CCTV is the most visible element of school security and, as a result, the one most frequently specified incorrectly. The metrics that appear in quotes, resolution figures and camera counts, tell you almost nothing about whether a system will work for your school. What matters is coverage, retention, management, and integration.
Coverage means every area identified in your risk assessment is monitored by a camera that can clearly see what needs to be seen. This sounds obvious but it is frequently not achieved in practice. Common gaps include: entrance points that are covered by a camera pointing at the wrong angle, car parks where camera height means the roof of a van obscures the activity behind it, perimeter areas where coverage ends 20 metres from the actual boundary, and internal areas where cameras cover corridors but not the specific rooms where valuable assets are stored.
Coverage is specified correctly by starting with a site plan, identifying every area that needs monitoring and defining what each camera must be able to see, and then working out camera positions that achieve that coverage. Not the other way around. A supplier who asks you how many cameras you want before discussing what you need to see is specifying the system wrong.
31 days is the standard retention period for school security CCTV. This is both the ICO's guidance for proportionate retention and the operationally sensible minimum for a school environment, where safeguarding concerns may come to light weeks after the relevant incident. Shorter periods save storage costs but reduce the system's usefulness when it is needed most. Specify 31 days as a minimum requirement in any procurement.
A system that cannot be used by the people responsible for it is not functioning as a security system. Ask any prospective supplier to demonstrate how footage from a specific camera at a specific time is located and exported. This should take under five minutes, require no specialist knowledge, and produce an output that is usable as evidence. If a demonstration takes longer than that or requires the supplier to operate the system for you, the management interface is not fit for a school environment.
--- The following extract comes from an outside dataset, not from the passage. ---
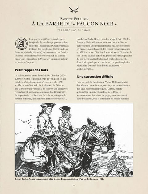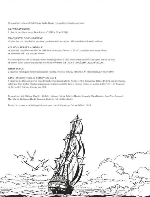La collaboration entre le jeune Patrice Pellerin et le scénariste chevronné Jean-Michel Charlier ne dura que le temps des Trafiquants de bois d'ébène et des Révoltés de la Jamaïque. Deux Barbe-Rouge plus réalistes et plus adultes qu'à l'accoutumée, qui constitueront un véritable galop d'essai pour le futur créateur de L'Épervier. Nous les rassemblons pour la première fois dans cette intégrale, qui sera agrémentée d'un dossier de Brieg Haslé, avec de nombreux inédits.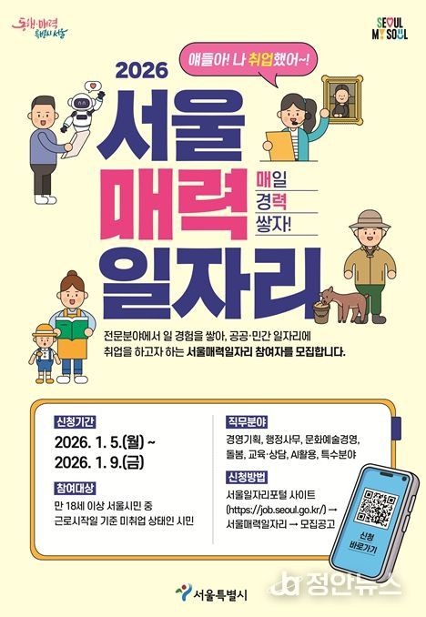 정안뉴스 안정주 기자 | 서울시는 직무교육과 실제 일 경험을 통해 민간 취업으로 연계하는 대표 디딤돌 일자리 사업인 ‘서울 매력일자리’를 2026년 총 3,600명 규모로 확대 운영한다.

AI-powered analytics are increasingly available as standard in modern CCTV platforms. Loitering detection, perimeter breach alerts, crowd density monitoring, and vehicle recognition can add genuine value in a school context, particularly for out-of-hours monitoring and perimeter security. The critical point is that these features require a Data Protection Impact Assessment before deployment, and their use must be covered in your CCTV policy. For a plain-language guide to what AI analytics actually does and where it adds value, see the AI analytics guide. For a practical guide to specifying the right system, see how to choose a school CCTV system.
Most schools have some form of access control. Most of it is not adequate. A buzzer on the main gate with a receptionist looking at a grainy screen is a form of access control. So is a networked system with smart credentials, visitor management software, time-based permissions, and real-time integration with CCTV. The gap between those two descriptions is large, and which end of it your school sits on has direct implications for your KCSiE compliance and your Martyn's Law readiness.
A properly specified access control system replaces mechanical keys with digital credentials that can be activated and deactivated instantly from management software. It logs every access event with a timestamp, a credential identifier, and the door that was opened. It enforces time-based restrictions so a contractor who should only be on site between 8am and 5pm cannot enter the building at 11pm. It supports visitor management with a pre-arrival screening process, a photographic record, and a host notification. And it integrates with CCTV so that every door opening is accompanied by a captured image of the person who opened it.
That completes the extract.